The structural lesion-symptom mapping reported in Chapter 3.3 indicated that damage to the left occipitotemporal white matter, in the vicinity of the ILF, is associated with slow word reading. The existing literature on the
structural pathology of PA (Damasio & Damasio, 1983; Binder & Mohr, 1992;
Leff et al. 2006) has relied on structural overlay mapping to demonstrate the areas most commonly damaged in patients with PA. The lesion-symptom mapping approach used here is an improvement on this methodology, as it takes into account the severity of the reading impairment, rather than using a binary classification. The dataset reported in Chapter 3.3 would benefit from the inclusion of more patients, and particularly patients with more severe reading disorders, before firm conclusions can be drawn about the critical lesion site for PA.

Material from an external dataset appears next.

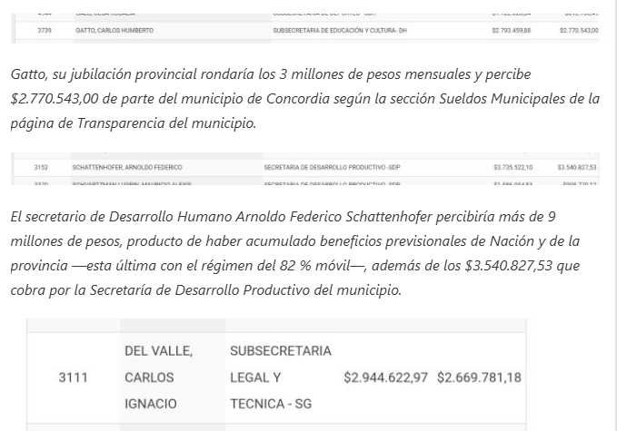 Un ejemplo: el Dr. Ignacio Del Valle, abogado en actividad, se desempeña actualmente como Subsecretario de Legal y Técnica en la Municipalidad de Concordia. Percibe como sueldo casi lo mismo que Gatto y bastante menos que Schattenhofer

The final aim of this thesis was addressed by Chapters 3.3 and 3.4, which reported the behavioural and functional imaging results of a training study.
The first study tested the efficacy of an intensive, computer-based, whole-word recognition training protocol. As reported in Chapter 3.3, this training resulted in an average reduction in reading speed of roughly 110ms per word. However, this improvement was not statistically significant, and it did not persist until the follow-up reading assessment a few weeks after
cessation of the training period. The failure of the reading training was
reflected in the lack of positive training effects in the functional imaging data (Chapter 3.4). These findings suggest that the impairment caused by left occipitotemporal damage cannot be ameliorated by functional reorganisation and is insensitive to training – at least of the kind used in this study.
Regardless of whether the role of the vOT is reading-specific or domain-general, the data presented here demonstrates that it is critical for rapid whole-word recognition and cannot easily be replaced by compensatory activity elsewhere in the brain.